Background: Revised International Staging System (R-ISS) is recently proposed risk stratification algorism based on ISS, cytogenetic risk, and lactate dehydrogenase in multiple myeloma (MM). Although R-ISS had an improved prognostic power compared to ISS, there is a problem that patients with stage II increase to 1.7 times. In this study, we evaluated survival outcomes and a new prognostic tool for MM patients classified as R-ISS II.

Methods: Retrospective data from 441 patients who were initially treated with a novel agent-containing regimens were analyzed.

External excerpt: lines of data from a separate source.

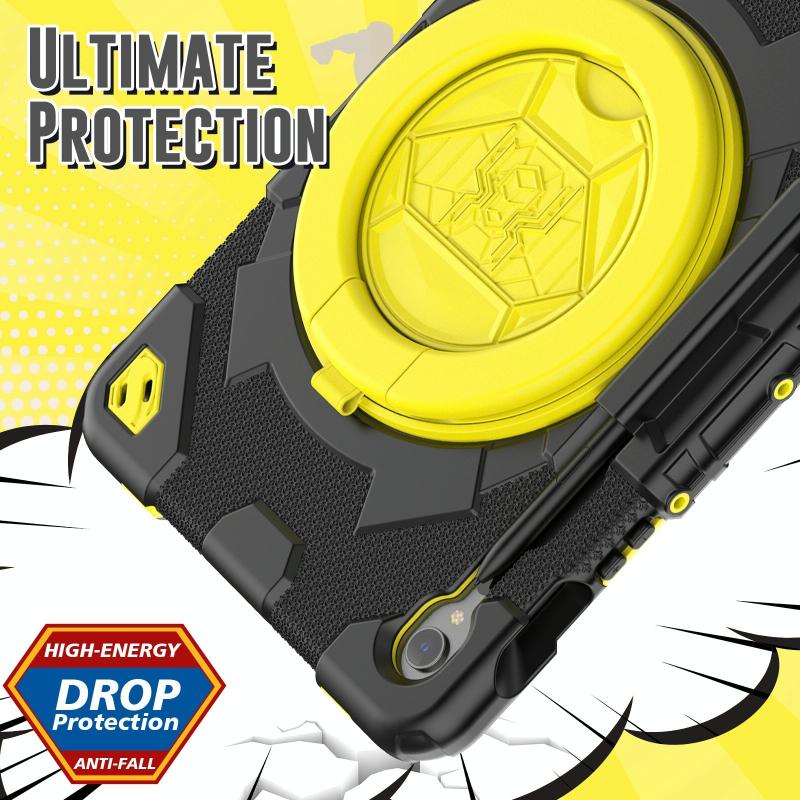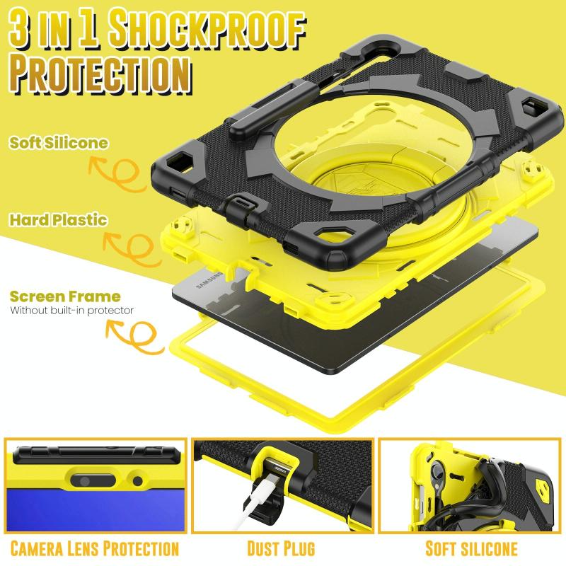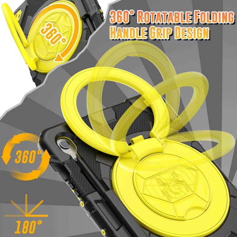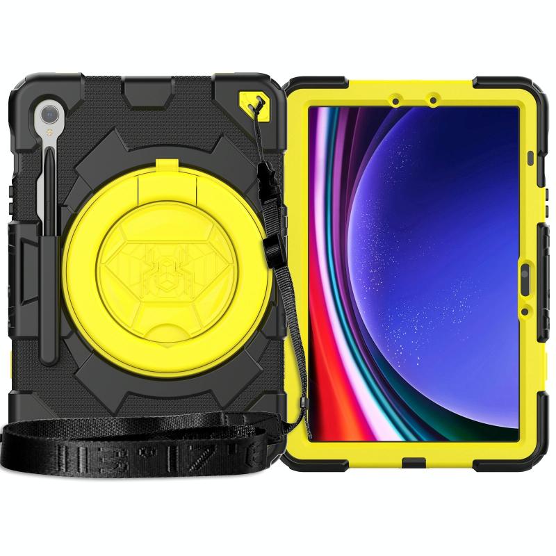 For Samsung Galaxy Tab S9 Spider Rotation Handle Silicone Hybrid PC Tablet Case(Black Yellow)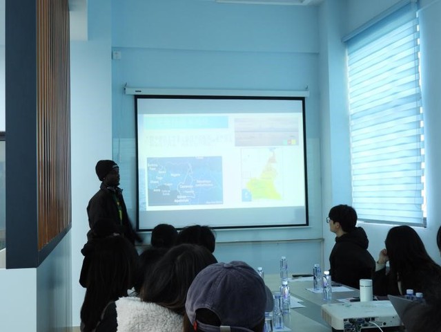 紧接着,来自喀麦隆的留学生代表沙睦狄贝贝也为师生们带来了精彩的分享。他通过介绍喀麦隆绚丽多彩的民族活动和传统活动,将喀麦隆人民热情好客、乐观向上的性格展现得淋漓尽致。在座师生们纷纷踊跃提问,从文化习俗到日常生活,从历史传承到现代发展,每一个问题都饱含着对喀麦隆这个神秘国度的好奇之心。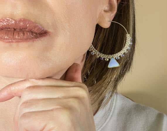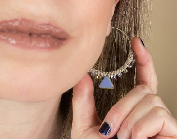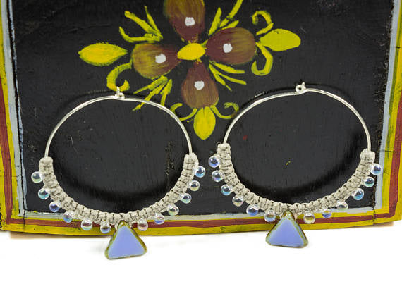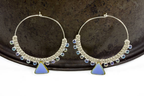 Sterling silver hoop earrings embellished with beautiful fringe crystal beads and hemp cording. A periwinkle blue triangle bead dangles below for the perfect finishing touch! These macrame earrings are very elegant but also look great with a pair of jeans. Lightweight, comfortable and so unique...You'll just love these beaded hoop earrings!

Results: R-ISS staging system could discriminate survival outcome more clearly compared to ISS in patients treated with novel-agents [median overall survival (OS) times of R-ISS I vs. II. Vs. III was 76.3 vs. 51.3 vs. 30.3 months, P < 0.001]. By applying R-ISS, 6.2% of patients with ISS I, and 24.3% with ISS III were reclassified into R-ISS II. Overall, 290 patients (66%) was classified into R-ISS II and had wide range of survival outcomes (0.7-114.5 months). In multivariate analysis, poor performance status (PS) (HR 1.657, 95% CI 1.159-2.370, P =0.006), del (17p13) (HR 2.227, 95% CI 1.174-4.223), P = 0.014), and thrombocytopenia (HR 1.533, 95% CI 1.033-2.276, P = 0.034) were significantly associated with OS in patients with R-ISS II. Based on this analysis, we constructed a new prognostic model consisted of poor PS (1 point), del(17p13) (2 point), and thrombocytopenia (1point). Among the 290 patients, 152 patients (52.4%) were classified as low-risk (score 0), 109 (37.5%) as intermediate risk (score 1), and 29 (10%) as high risk (scores 2 or more). The median OS times for the corresponding risk groups was 57.5 months (95% CI 40.4-74.5), 30.2 months (95% CI 20.7-39.7), and 20.9 months (95% CI 6.4-35.3) (P <0.001).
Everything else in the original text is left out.